What are the most significant risks that could jeopardize the success of the project? How are these risks being managed? What contingency plans are ready?
The current most significant risk is to integrate the camera and audio modules together. We are facing quite a bit of python compatibility issues on the Jetson. We have a naive solution (contingency), where we write a shell scripts that execute each of the module using a different version of python. However, this is extremely inefficient. Alternatively, we are thinking of resetting the Jetson or at least resetting the jetson module.
We are also having troubles using a complete digital signal processing approach in separating speech. We realised that beamforming was not sufficient in separating speech, and have turned to Phase Difference Channel Weighting (PDCW) and Suppression of Slowly-varying components and the Falling edge of the power envelope (SSF), which Stella is currently testing.

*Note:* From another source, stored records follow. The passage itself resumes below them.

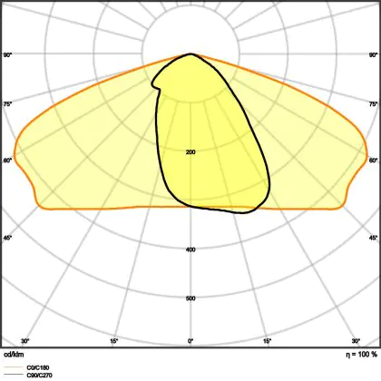 L'alloggiamento impermeabile di questa sorgente luminosa non è l'unica ragione per cui è perfetta per l'uso all'aperto. Infatti bisogna considerare anche la distribuzione della luce di questa lampada stradale, che ha apertura del fascio luminoso di 25x145° ed emette luce di colore 4000K - Bianco Freddo.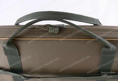 Мягкий чехол из капрона с поролоном и тканевой подкладкой для двуствольного ружья в разобранном виде.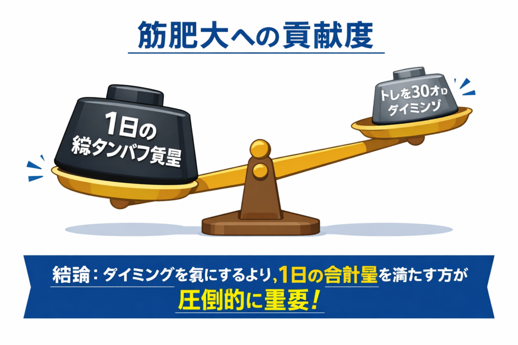 それは、筋肥大への貢献度において、プロテインを飲むタイミング(アナボリックウィンドウ)よりも、1日に必要なタンパク質の総量をしっかり摂ること(総タンパク質摂取量)の方が、圧倒的に重要であるということです。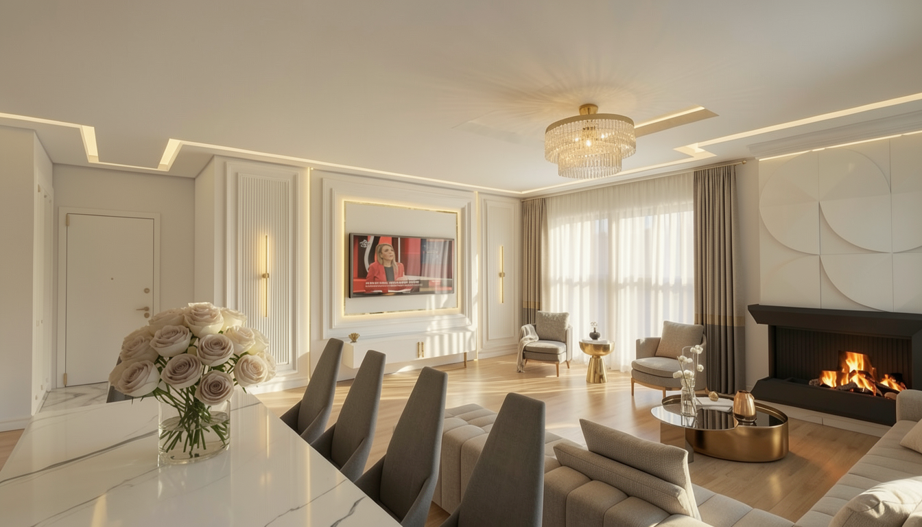 render this picture with calacatta prado quartz on the counter tops and on the backsplash show a white 12 x 24 light grey tile floor add under cabinet lighting change the cabinet pull hardware to gold change faucet to gold and an undermount truffle sink

The contingency plan is a deep learning speech separation approach. Charlie has obtained significant success in using deep learning to separate speech, but the deep learning model he has used cannot be used in real-time due to processing latency. We demonstrated it during our demo during the week, and showed the results of using this deep learning approach. Professor Sullivan and Janet seem sufficiently convinced that our approach is logical.
Were any changes made to the existing design of the system (requirements, block diagram, system spec, etc)? Why was this change necessary, what costs does the change incur, and how will these costs be mitigated going forward?
Yes. We are probably going to use a deep learning approach in separating speech given that the results we are getting is spectacular. This change was necessary as a conventional signal processing method given our microphone array is not sufficient in separating non-linear combination of speeches. Deep learning approaches are known to be able to learn and adapt to non-linear manifolds of the training instance. This is the reason why our current deep learning approach is extremely successful in separating overlapping speech.
Provide an updated schedule if changes have occurred.
No change to schedule.
This is also the place to put some photos of your progress or to brag about a component you got working.
The biggest thing to brag about this week is numerical values to show how successful our deep learning approach is
When one speaker is speaking (isolated case), we get a Word Error Rate (WER) of about 40%. We tested two cases where two speakers are speaking at once, and when one speaker interrupts. Using our speech separation technique, we are getting a nearly comparable WER as compared to the isolated case.